IL-17 Attenuates Degradation of ARE-mRNAs by Changing the Cooperation between AU-Binding Proteins and microRNA16

Interleukin 17A (IL-17), a mediator implicated in chronic and severe inflammatory diseases, enhances the production of pro-inflammatory mediators by attenuating decay of the encoding mRNAs. The decay of many of these mRNAs depends on proteins (AUBps) that target AU-rich elements in the 3′-untranslated region of mRNAs and facilitate either mRNA decay or stabilization. Here we show that AUBps and the target mRNA assemble in a novel ribonucleoprotein complex in the presence of microRNA16 (miR16), which leads to the degradation of the target mRNA. Notably, IL-17 attenuates miR16 expression and promotes the binding of stabilizing AUBps over that of destabilizing AUBps, reducing mRNA decay.

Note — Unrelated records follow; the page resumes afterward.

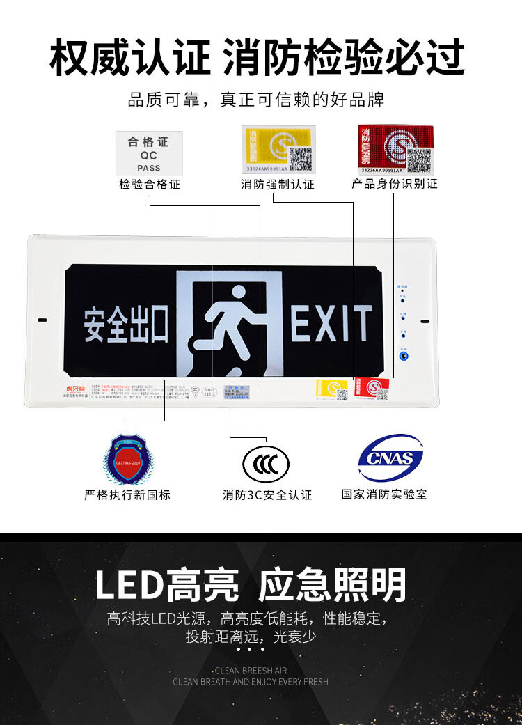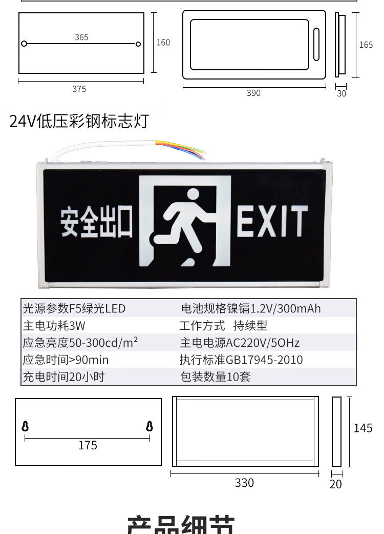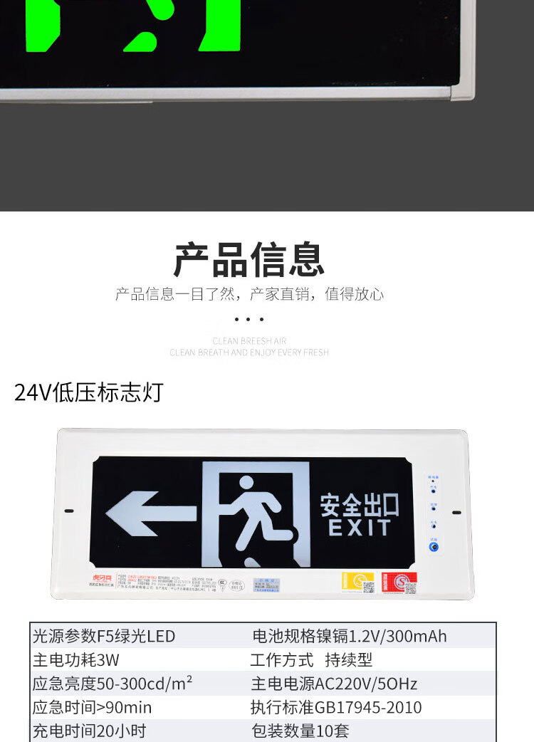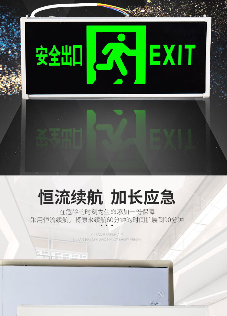 Yue Changsheng new national standard 24V low voltage safety exit 36V fire emergency indicator light concealed embedded sparse low voltage DC24V-36V double-sided safety exit
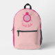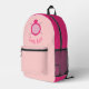 This awesome backpack features a cute pink turtle with big black eyes and a pretty two-tone pink shell. She has little pink feet and a cute tail. There is text underneath the turtle that says turtle babe. This would make a fun gift for a female of any age.
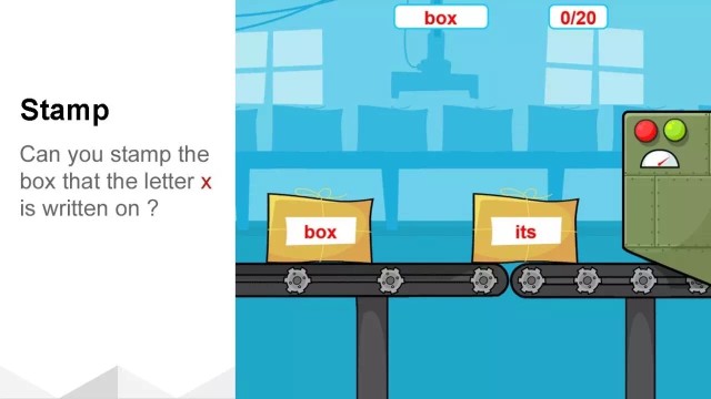 非常简单的内容,卡通老师会读出“x”的发音,然后小朋友只需要操作鼠标点击“x”就可以完成任务!
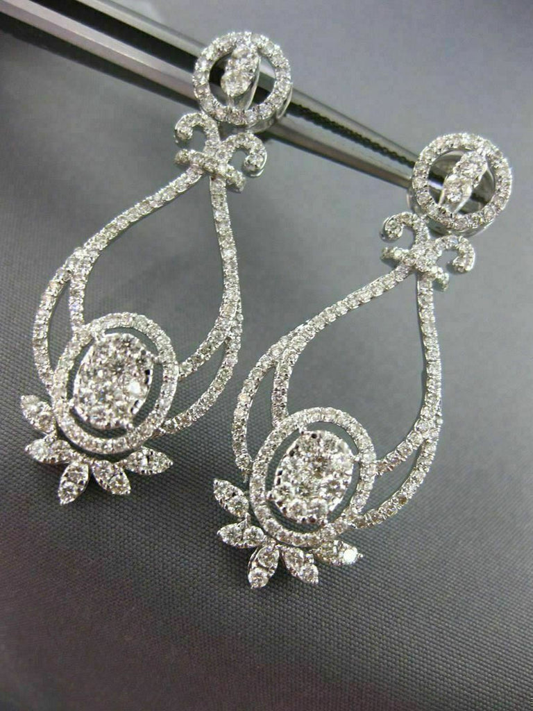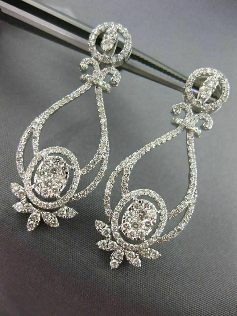 ESTATE LARGE 14KT WHITE GOLD HANGING EARRINGS. 3D OPEN FILIGREE FLOR DE LEES FLOWER DESIGN. DIAMONDS ARE F/G COLOR, VSSI CLARITY 2.02 CARATS. MEASURES 41mm X 16mm. WRITTEN APPRAISAL AVAILABLE. COMES IN A PRESENTABLE GIFT BOX
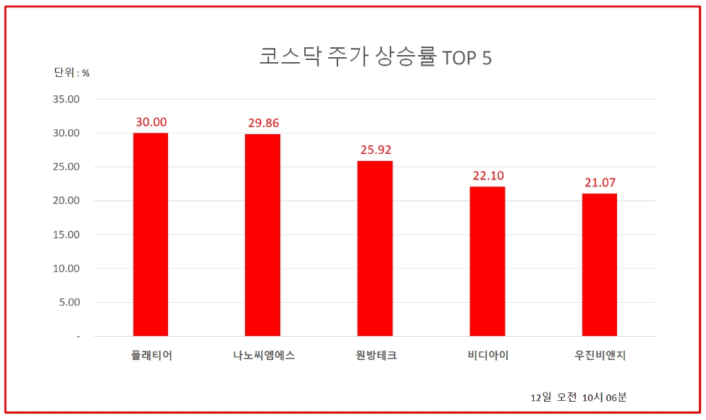 1위 플래티어 28600원 ( 30% ), 2위 나노씨엠에스 57400원 ( 29.86% ), 3위 원방테크 54900원 ( 25.92% ), 4위 비디아이 3950원 ( 22.1% ), 5위 우진비앤지 3275원 ( 21.07% ), 6위 삼일 4210원 ( 20.29% ), 7위 애니젠 20750원 ( 19.25% ), 8위 에코프로에이치엔 166400원 ( 18.27% ), 9위 팍스넷 950원 ( 15.85% ), 10위 경남스틸 4870원 ( 15.27% )

These findings indicate that miR16 independently of a seed sequence, directs the competition between degrading and stabilizing AUBps for target mRNAs. Since AUBps affect expression of about 8% of the human transcriptome and miR16 is ubiquitously expressed, IL-17 may in addition to inflammation affect many other cellular processes.Author Summary: Inflammation is driven by inflammatory mediators. Interleukin 17A (IL-17) is implicated in chronic and severe inflammation and exaggerates production of inflammatory mediators. This is due, at least in part, to the IL-17-attenuated degradation of mRNAs encoding these inflammatory mediators, but the underlying mechanism has remained elusive. Most of these mRNAs contain AU-rich elements in their 3′-untranslated region and are targeted by AU-binding proteins (AUBps) that promote either mRNA degradation or stabilization. Here we show that IL-17 directs the AU-mediated mRNA degradation (AMD pathway) by modulating the interaction of degrading and stabilizing AUBps via microRNA16 (miR16). Whereas microRNAs target mRNAs to the RISC pathway for degradation by binding to a seed sequence, miR16 drives degradation by the AMD pathway without an apparent seed sequence. Transcriptome analyses have revealed that the expression of 8% of all eukaryotic transcripts is dependent on the AMD pathway. Therefore, the impact of IL-17 on inflammatory diseases may extend beyond the production of inflammatory mediators to processes like tissue repair, cell cycle, etc. In addition, targeting AUBp and/or miR16 may provide a novel therapeutic option to combat the IL-17 axis of inflammation.